Sembrava tutto abbastanza regolare, non giornaliero e non a orari fissi ma comunque la faceva.
A gennaio di quest'anno abbiamo acquistato casa e a febbraio ci siamo trasferiti cambiando città, scuola materna e abitudini, compreso il passaggio dal dormire nel suo lettino im camera con noi a dormire nel lettino in stanza sua, avremmo voluto farlo gradualmente ma il lettino non.entrava nella nuova camera da letto quindi siamo passati subito nella cameretta, anche se la notte co dorme anche mia madre che abita con noi.
ovviamente tutti motivi che sicuramente hanno destabilizzato il mio bimbo, infatti da allora ha cominciato a trattenersi la cacca, è arrivato al punto di accumularne talmente tanta che per farla si è fatto male.
Ha iniziato a settembre anche la scuola primaria, per cui altro cambiamento, ma dal punto di vista socializzazione nessun problema, è un bimbo molto vivace, socievole, e gli piace anche studiare e disegnare, gli piace costruire le cose e ama le favole inventate da me al posto di favole tradizionali.
Di contro c'è che è un bimbo troppo sensibile, infatti è molto permaloso e nonostante in famiglia siamo tutti molto affettuosi anche a livello fisico (baci abbracci e tante coccole) chiede sempre se gli vogliamo bene!
Non so come risolvere il problema cacca, se la trattiene per tanto e poi ha paura a farla perché dice che gli fa male, ho provato a spiegargli che può stare tranquillo, ma lui si rifiuta finché non si sporca, e alla fine la fa. Io a volte perdo la pazienza e so che non dovrei, ma mi sento impotente perché non capisco cosa devo fare e dove sbaglio, mi rendo conto che anche per lui è un disagio, ma davvero non so che fare. Grazie anticipatamente. Manuela

[#1] dopo  
Dr. Carla Maria Brunialti

Referente scientifico Referente Scientifico
48% attività
20% attualità
20% socialità
ROVERETO (TN)
TRENTO (TN)

Rank MI+ 88
Iscritto dal 2012
Gentile utente,

Lei stessa è giunta a collegare la ritenzione delle feci (per lasciarle poi andare .. inadeguatamente)
con le situazioni di stress che il bambino vive.

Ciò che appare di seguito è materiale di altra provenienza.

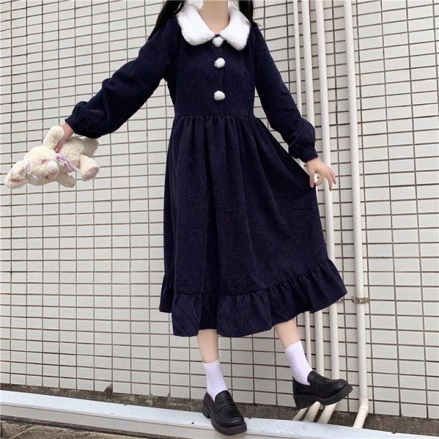 ワンピース 秋冬ワンピース ロングワンピース レディース 長袖 Aライン 可愛い 姫様 厚手 日系女子中高生 通学 高校生 きれいめ 春 秋 冬

Il problema non è di facile soluzione, in quanto quella che noi chiamiamo "cacca"
in realtà per il bambino rappresenta un dono che offre alla mamma quando tutto va bene; e di fatto la mamma gli sorride ed è contenta.
Dunque le reazioni materne incongrue o aggressive di fronte agli ... incidenti non fanno che peggiorare il quadro (anche se il nervosismo o contrarietà nell'adulto è comprensibile).
L'aspetto psicologico è dunque centrale in questa manifestazione, sia quello del bimbo che quello degli adulti affettivamente più vicini a lui.

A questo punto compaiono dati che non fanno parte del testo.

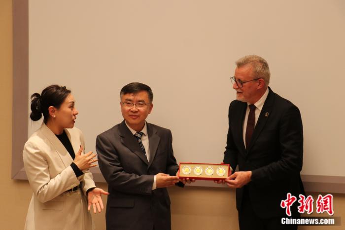 中國(guó)社會(huì)科學(xué)院領(lǐng)導(dǎo)與巴西坎皮納斯州立大學(xué)校長(zhǎng)互換禮物。 中新網(wǎng)黃方 攝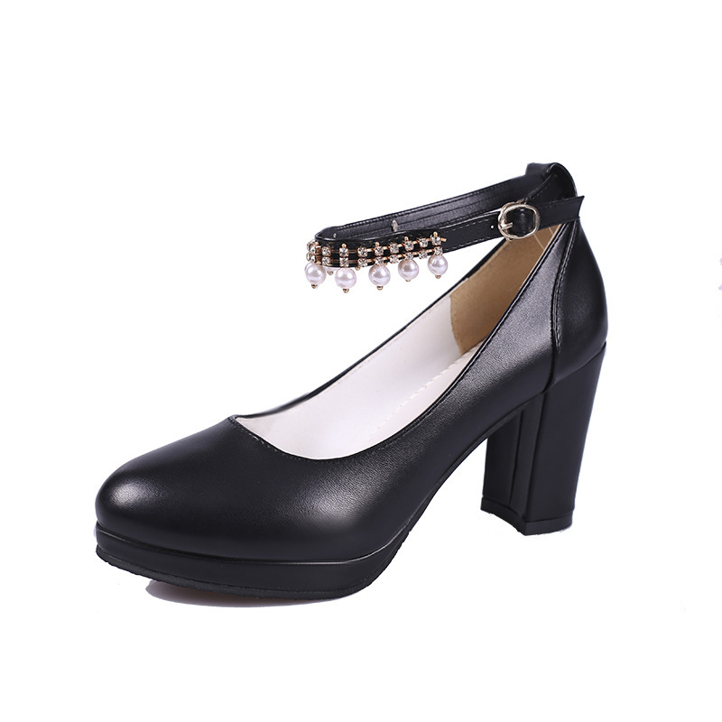 Главная страница > Весной и осенью Новая женская обувь с жемчужной цепочкой на высоком каблуке на толстой подошве, профессиональная обувь больших размеров на толстом каблуке, рабочая женская обувь

C'è poi anche un aspetto pediatrico:
la dieta,
le modalità facilitanti l'evacuazione regolare in modo da evitare il dolore
ed altro
sicuramente sono in grado di alleviare alcuni sintomi che il bambino teme.
Per questi aspetti, se lo desidera posso "girare" la Sua domanda al pediatra una volta conclusi gli interventi psy.

Saluti cordiali.

Dr. Carla Maria  BRUNIALTI
Psicoterapeuta perfezionata in Sessuologia Clinica, Psicologa europea.
www.webalice.it/centrodipsicologia

[#2] dopo  
Utente 416XXX

Grazie mille dottoressa della gentile e celere risposta, in effetti non è facile per lui aver vissuto questi cambiamenti e poi a volte trovarsi la mamma che non reagisce bene! Sicuramente lavorerò anch'io sulle mie reazioni.
Per quanto riguarda il cibo non ho grossi problemi con le verdure cotte, ma sicuramente un problema è l'acqua, mio figlio beve davvero poco e devo dirgli sempre di bere se no lui aspetterebbe il senso di sete, riesco a farlo arrivare a 500 ml al giorno ma dovendo ripetergli spesso di bere.
Sarei molto grata se anche la pediatra potesse darmi qualche consiglio, Grazie mille!

[#3] dopo  
Dr. Carla Maria Brunialti

Referente scientifico Referente Scientifico
48% attività
20% attualità
20% socialità
ROVERETO (TN)
TRENTO (TN)

Rank MI+ 88
Iscritto dal 2012

Se riesce a coinvolgere anche il papà "nell'impresa",
è sempre utile,
considerato che per un figlio maschio il padre è il modello a cui ispirarsi.
Inoltre, generalizzando,
le reazioni paterne sono meno nervose (complice anche il fatto che i padri ci sono poco in casa),
e, non ultimo, i padri di oggi usano l'ironia bonaria e lo scherzo anzichè la regola o la prescrittività.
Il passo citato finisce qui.